WORK INSTRUCTION: From the material below, tally every line containing "MONTUELLE"; reply with the total only.

STUDY MATERIAL:
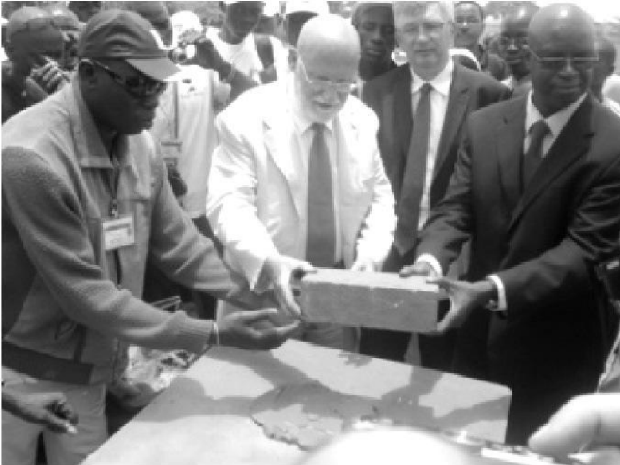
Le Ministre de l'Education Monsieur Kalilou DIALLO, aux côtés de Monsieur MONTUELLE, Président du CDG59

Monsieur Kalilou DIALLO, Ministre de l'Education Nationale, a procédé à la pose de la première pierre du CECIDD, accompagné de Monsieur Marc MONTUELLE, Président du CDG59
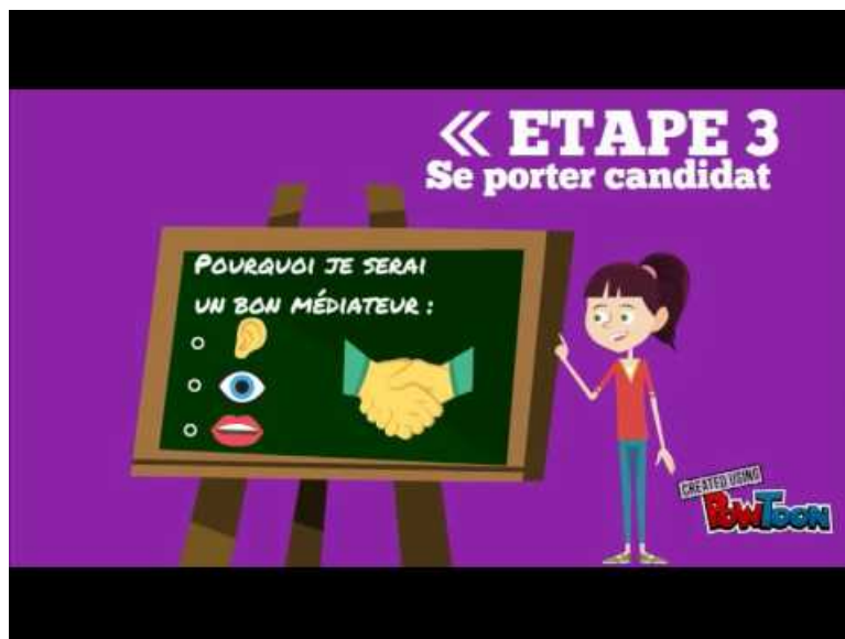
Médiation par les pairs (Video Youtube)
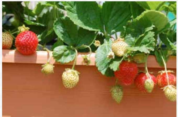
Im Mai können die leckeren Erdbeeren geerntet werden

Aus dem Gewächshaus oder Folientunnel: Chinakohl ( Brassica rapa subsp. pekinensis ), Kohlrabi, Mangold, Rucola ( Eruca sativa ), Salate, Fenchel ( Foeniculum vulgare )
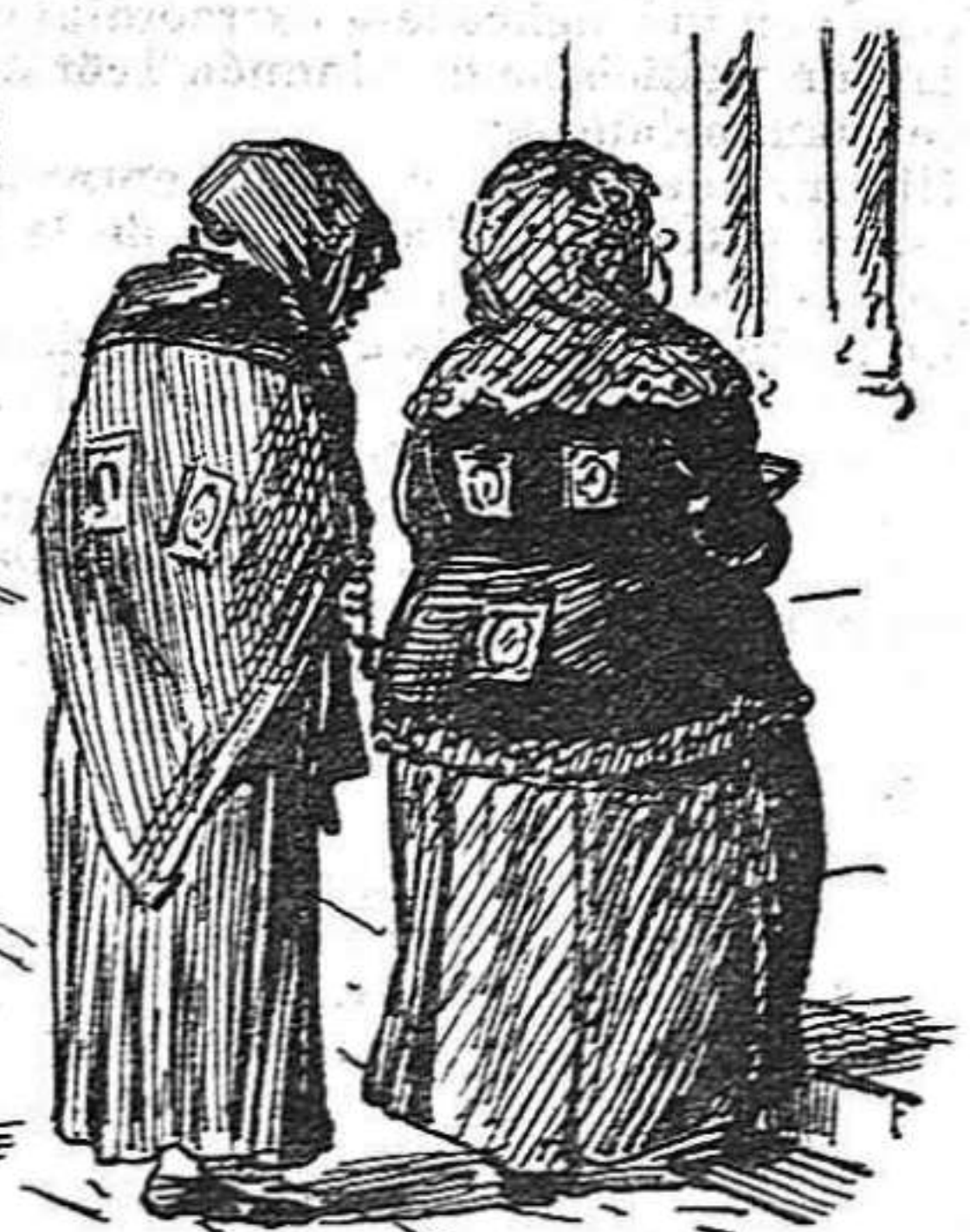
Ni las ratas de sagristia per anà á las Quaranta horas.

RESULT BELOW: 2